Specific levels of materiality for individual balances, classes of transactions, or disclosures

Under select cases, balance, class of transaction, or disclosure in the financial statements would warrant a lower level of materiality is based on the amount, the users can be persuaded to make a different decision, one that may not be rational or without complete knowledge. The following factors need to be considered in order to assess materiality in the audit:

  1. If all the relevant laws affect the expectations of users
  2. Disclosure requirement in certain industries like research and development in pharmaceutical industries
  3. Disclosure requirements in case of business combinations

Example:

The total value of investments in Equity scheme offered by the government is $ 100m and the total contributions receivable from active members is only $ 50,000.

In this case, applying any kind of percentage won’t be useful for such an investment company. Auditors shall determine materiality by setting a lower amount for such member contributions and similar debtors and creditors.

Determining performance materiality

“Performance materiality as the amount set by auditors at below overall materiality to reduce to an appropriately low level the probability that the aggregate of uncorrected and undetected misstatements exceeds overall materiality.” – Standards on Auditing 320

It serves two basis purposes as to reduce aggregation risk and providing some security against risk of internal control not detecting irregularities. The audit techniques require performance materiality to be as a percentage of overall materiality. The higher would be the level of assessed risk and lower the percentage. Performance materiality is used by auditors in two ways.
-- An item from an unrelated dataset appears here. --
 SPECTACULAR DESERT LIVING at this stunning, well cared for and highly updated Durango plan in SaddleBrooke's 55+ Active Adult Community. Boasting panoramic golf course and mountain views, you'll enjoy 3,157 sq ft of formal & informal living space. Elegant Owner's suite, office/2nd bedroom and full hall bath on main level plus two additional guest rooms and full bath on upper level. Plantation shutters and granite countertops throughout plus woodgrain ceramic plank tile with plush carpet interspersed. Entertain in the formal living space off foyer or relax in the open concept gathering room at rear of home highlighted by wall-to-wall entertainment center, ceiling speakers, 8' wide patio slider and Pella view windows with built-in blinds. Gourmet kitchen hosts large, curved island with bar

 It can be used in the early auditing schedule to identify areas of special focus and how much time needs to be allocated thereon. The other would be to use it midway through the audit where necessary based on the judgment of the auditor. This would include sampling and how many items to include in the sampling. If lower materiality is set for some accounts and balances, auditors would also need to lower performance materiality in such cases.
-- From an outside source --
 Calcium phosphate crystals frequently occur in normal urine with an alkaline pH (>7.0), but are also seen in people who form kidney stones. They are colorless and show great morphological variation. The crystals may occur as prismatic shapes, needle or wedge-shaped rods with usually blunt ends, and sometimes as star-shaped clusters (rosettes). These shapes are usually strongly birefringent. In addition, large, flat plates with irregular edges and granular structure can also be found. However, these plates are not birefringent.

Assessing materiality of misstatements

The auditor shall assess every misstatement and their impact on relevant classes of transactions, accounts balances or disclosures. This shall also include if materiality level that has been set has been included by such transaction.

The auditors need to assess if misstatements are material according to their size and nature. Auditors need to consider qualitative assessment, balance sheet classifications, disclosure of misstatements, and impact on prior period financial statements while assessing the materiality of misstatements.
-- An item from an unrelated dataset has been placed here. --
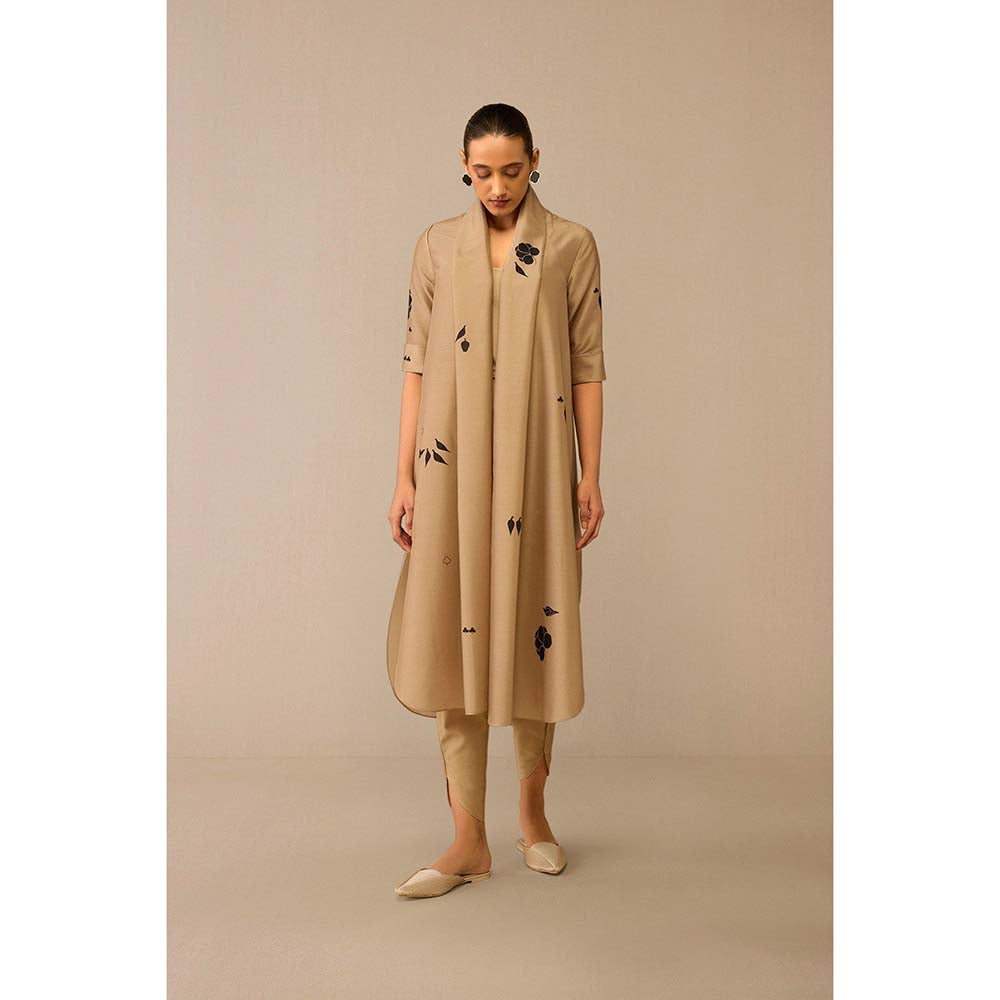 Description : Light As A Spring Breeze, The Dinar Throw Set Captures The Essence Of Effortless Grace. Crafted From Lustrous Beige Chanderi, Its Flowing Throw Features Delicate, Story-Like Prints Of Birds and Blooming Flowers. Paired with Slim Dhoti-Inspired Pants, This Set Is Perfect For Sunny Days and Balmy Evenings. Wear It with Our Ninah Mules In Gunmetal.

Reassessing materiality during the audit

Auditors need to be proactive as well as reactive. They need to set the benchmarks at the beginning and when circumstances arise where it would be necessary to change the benchmark, they need to be reactive as well. Auditors should revise overall materiality during audit if they are aware during the audit procedures that is being carried on.

This may happen when they realize they have set a different benchmark with respect to the amount. This happens if the materiality is determined prior to year-end information. If the auditors realize that lower materiality is set than required in the present scenario, they have to reassess the materiality. Auditors would then revise performance materiality considering the impact on nature, time, and extent of audit procedures.